QUANDO TI AFFIDI ALLA LEGGE LA SCONFITTA É CERTA

20 MAGGIO 1970 – 20 MAGGIO 2020

LO STATUTO DEI LAVORATORI


Il 20 maggio del 1970 veniva approvata la legge 300, conosciuta come Lo Statuto dei Lavoratori. A cinquanta anni da quella data è utile ricordare l'intestazione esatta di quella legge per comprendere nella sua interiezza il significato che il legislatore le volle assegnare. Il titolo recitava testualmente “Norme sulla tutela della libertà e dignità dei lavoratori, della libertà sindacale e dell'attività sindacale nei luoghi di lavoro e norme sul collocamento.” Prima di vedere cosa rimane oggi dell'impianto originale è necessario, per comprendere l'importanza di questa legge nella storia recente del movimento dei lavoratori in Italia, ripercorrere alcuni passaggi che condussero a quelle scelte. Nel 1970 la guerra era oramai alle spalle da venticinque anni, il paese era passato dalla monarchia e dal fascismo a una repubblica parlamentare, le nuove basi giuridiche che furono messe alla base della novella democrazia erano innervate nella sua legge fondamentale, la Costituzione del 1948 alla quale contribuirono sia i partiti popolari e liberali, sia i partiti socialisti e comunista.

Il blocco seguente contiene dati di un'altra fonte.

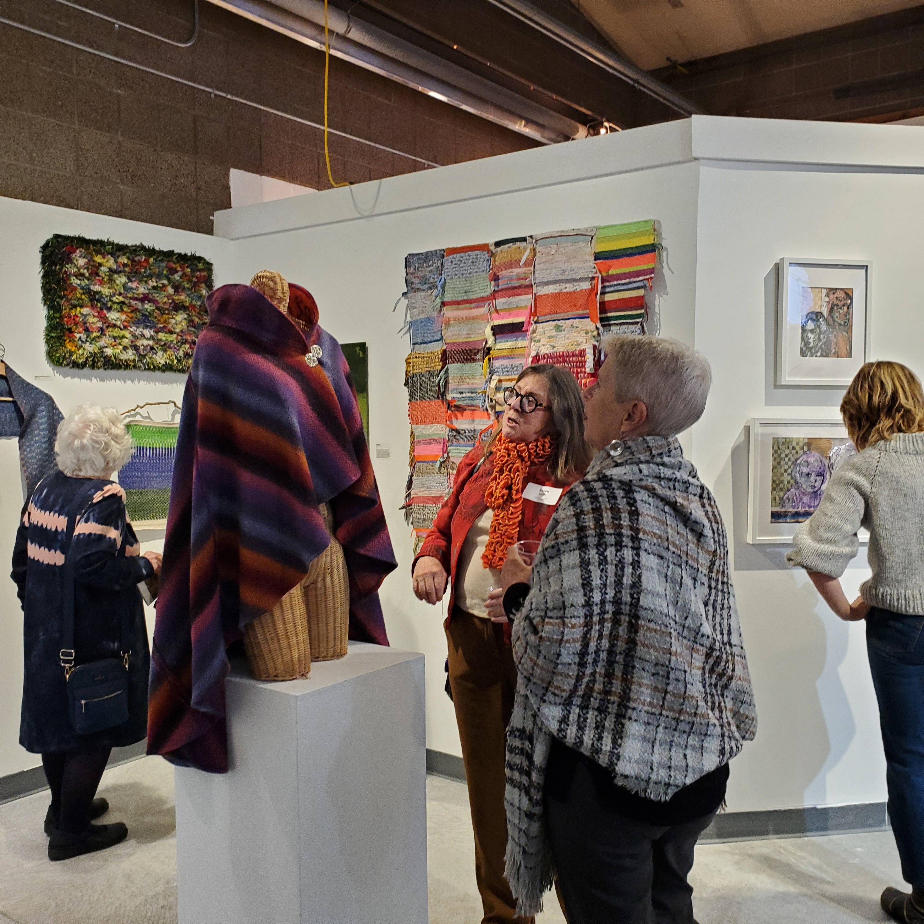 Kala Exworthy wove the colorful cape in a point twill in diamonds. The warp is Zephyr, spaced to show off the weft, which is a soft knitting yarn. “I wove it as fabric not knowing what it would be,” Kala writes. “Then it became a nice, warm dress up cape. Perfect for the cooler evenings of a lovely spring or fall day in our northern clime.” Northern Cape was the subject of a lively bidding war during the opening night reception for “Weaving the North.” The lucky winner got to wear the cape home at the end of the exhibit! (Riley’ Kleve’s Community Cloth is in the background.)

La società che nasce dalle ceneri della guerra si colloca nell'alveo occidentale delle democrazie borghesi, ma sia per la massiccia presenza di forze sociali e politiche che si richiamano espressamente alla tradizione socialista e comunista, e sia perché la ricostruzione del paese abbisogna di uno spirito di collaborazione costruttivo, la Costituzione si caratterizza con un articolato di valori tesi non solo all'affermazione delle “cosiddette libertà borghesi”, ma anche con una spiccata propensione alla giustizia sociale. Questi caratteri “progressivi” della Carta devono fare i conti con il fatto che le sue norme non hanno carattere cogente, ma sono semplicemente prescrittive, hanno carattere programmatorio, e soprattutto soggiacciono a quello che sono i rapporti di forza nella società. Una società che nell'apparato dello Stato ha mantenuto pressoché intatto tutto l'apparato burocratico del fascismo, con, invece, pesanti discriminazioni negli anni '50 verso quei partigiani che quel regime avevano combattuto in armi. Ed è una società civile dove i padroni delle fabbriche e i padroni della terra, gestivano i luoghi di lavoro con angherie, soprusi e sfruttamento. Gli anni che precedono quel 1970 hanno queste caratteristiche. L'idea di una Statuto dei diritti dei lavoratori che prende corpo nei primi anni '50 grazie alla Cgil di Giuseppe Di Vittorio, parte proprio dalla constatazione che i diritti sanciti dalla Costituzione si fermano ai cancelli delle fabbriche. Dare diritti alle lavoratrici e ai lavoratori significa far entrare in fabbrica la Costituzione.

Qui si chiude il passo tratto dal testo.